▶ **WHAT NEEDS TO BE DONE**:
The lines to output run from the first line of the entries below through the line containing "Musée des Beaux-Arts"; copy them exactly and leave out pictures.
▼
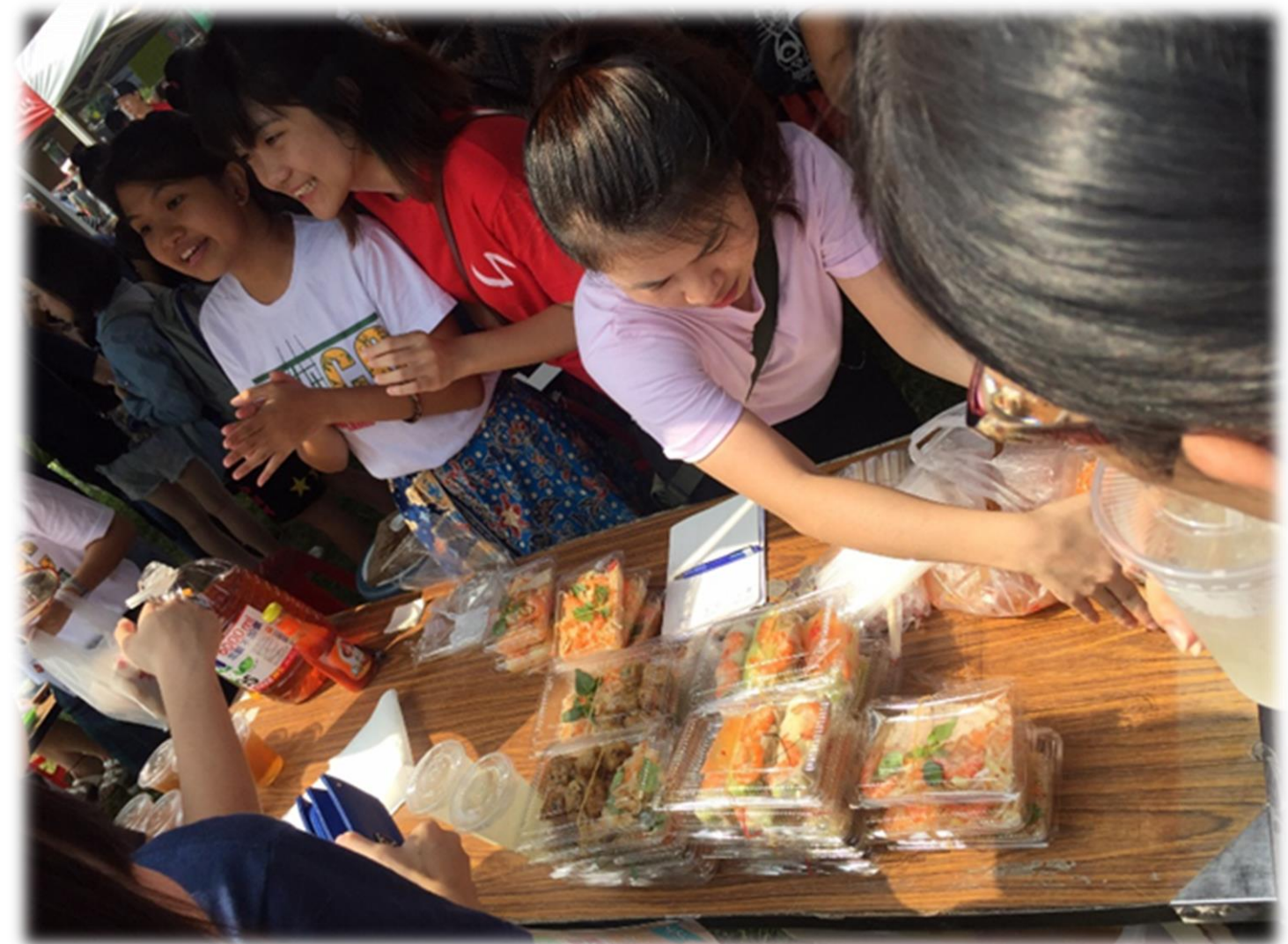
顧客爭購印尼、越南美食，顧攤的同學們露出甜美的笑容
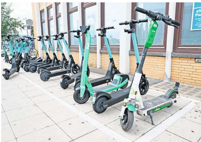
Besonders an Bahnhöfen findet man in der Regel viele E-Scooter der verschiedensten Anbieter.

In der letzten Woche wollten wir von Ihnen wissen, was Sie von
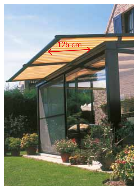
Une extension augmente considérablement l'ombre dans votre véranda.

Le store véranda B-126 est proposé avec une largeur maximale de 5m (10m en version couplé) et une avancée maximale de 6m.
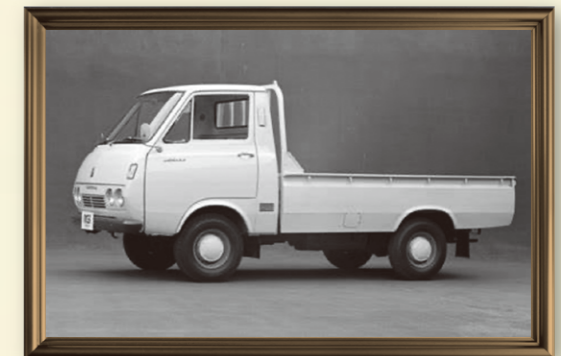
写真は【PH10型1350cc 1トン積標準ボディ】

乗り心地と操作性を重視することで、ユーザーの評判も上々で、同年ワゴン車を投入、エンジンは「トヨペットコロナRT40」と同様の1500cc77馬力の「2R型エンジン」を搭載。トラックベースでありながらワゴンとして大成功を納めます。「ハイエース」のトラックはモデルチェンジを繰り返す中で「トヨエース」及び「ダイナ」と共通の車体となり、「ハイエース」はバン・ワゴン専用となって行きます。その後「レジアス」や「グランビア」
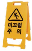
PE 입간판 미니입간판_M W520 x H970(mm) W305 x H650(mm)
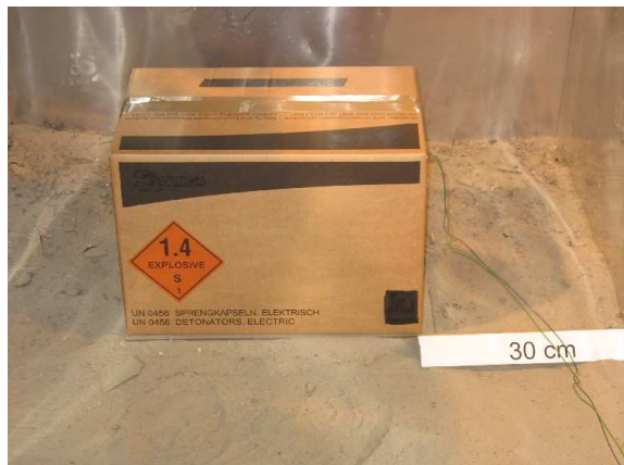
Fig. 1 Épreuve sur un seul colis sans confinement

10. Les figures ci-dessous sont les illustrations d'épreuves réalisées, avec ou sans confinement, sur des boîtes en carton remplies de sable, avec utilisation de détonateurs à retardement.
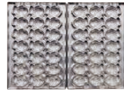
ミニ鯛焼き21個取 焼き上がりサイズ 50×35×厚さ26
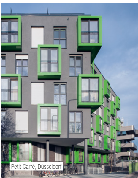
Petit Carré, Düsseldorf
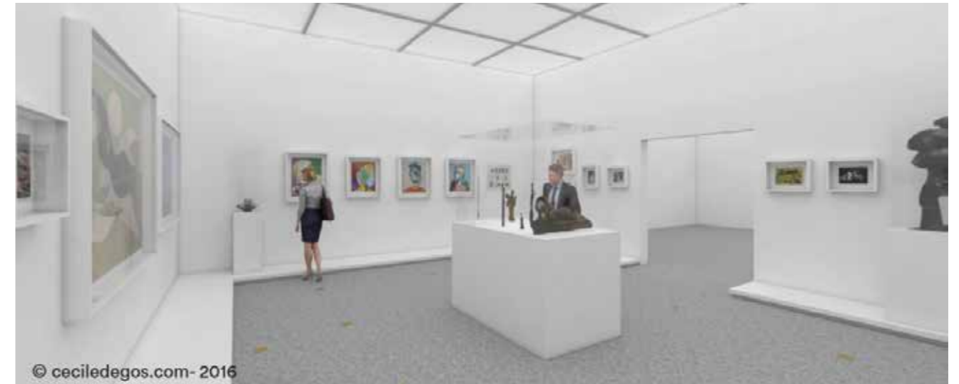
Musée des Beaux-Arts

La signalétique des trois espaces d'expositions est travaillée en étroite collaboration avec les services de la Métropole afin de garder une cohérence esthétique entre les trois lieux. Ce graphisme des expositions repose sur le rôle essentiel de la typographie : les différentes graisses des titres hiérarchisent les informations et initient un rythme de lecture. Les textes des cartels sont composés dans une typographie d'accompagnement choisie pour sa lisibilité. Textes et images dialoguent par un jeu de construction et d'imbrication et animent les différents espaces. De plus, un travail signalétique de directionnelle entre ces lieux permet d'accroître la cohérence du parcours.
▲
▶ **WRITTEN RESPONSE**:
顧客爭購印尼、越南美食，顧攤的同學們露出甜美的笑容
Besonders an Bahnhöfen findet man in der Regel viele E-Scooter der verschiedensten Anbieter.

In der letzten Woche wollten wir von Ihnen wissen, was Sie von
Une extension augmente considérablement l'ombre dans votre véranda.

Le store véranda B-126 est proposé avec une largeur maximale de 5m (10m en version couplé) et une avancée maximale de 6m.
写真は【PH10型1350cc 1トン積標準ボディ】

乗り心地と操作性を重視することで、ユーザーの評判も上々で、同年ワゴン車を投入、エンジンは「トヨペットコロナRT40」と同様の1500cc77馬力の「2R型エンジン」を搭載。トラックベースでありながらワゴンとして大成功を納めます。「ハイエース」のトラックはモデルチェンジを繰り返す中で「トヨエース」及び「ダイナ」と共通の車体となり、「ハイエース」はバン・ワゴン専用となって行きます。その後「レジアス」や「グランビア」
PE 입간판 미니입간판_M W520 x H970(mm) W305 x H650(mm)
Fig. 1 Épreuve sur un seul colis sans confinement

10. Les figures ci-dessous sont les illustrations d'épreuves réalisées, avec ou sans confinement, sur des boîtes en carton remplies de sable, avec utilisation de détonateurs à retardement.
ミニ鯛焼き21個取 焼き上がりサイズ 50×35×厚さ26
Petit Carré, Düsseldorf
Musée des Beaux-Arts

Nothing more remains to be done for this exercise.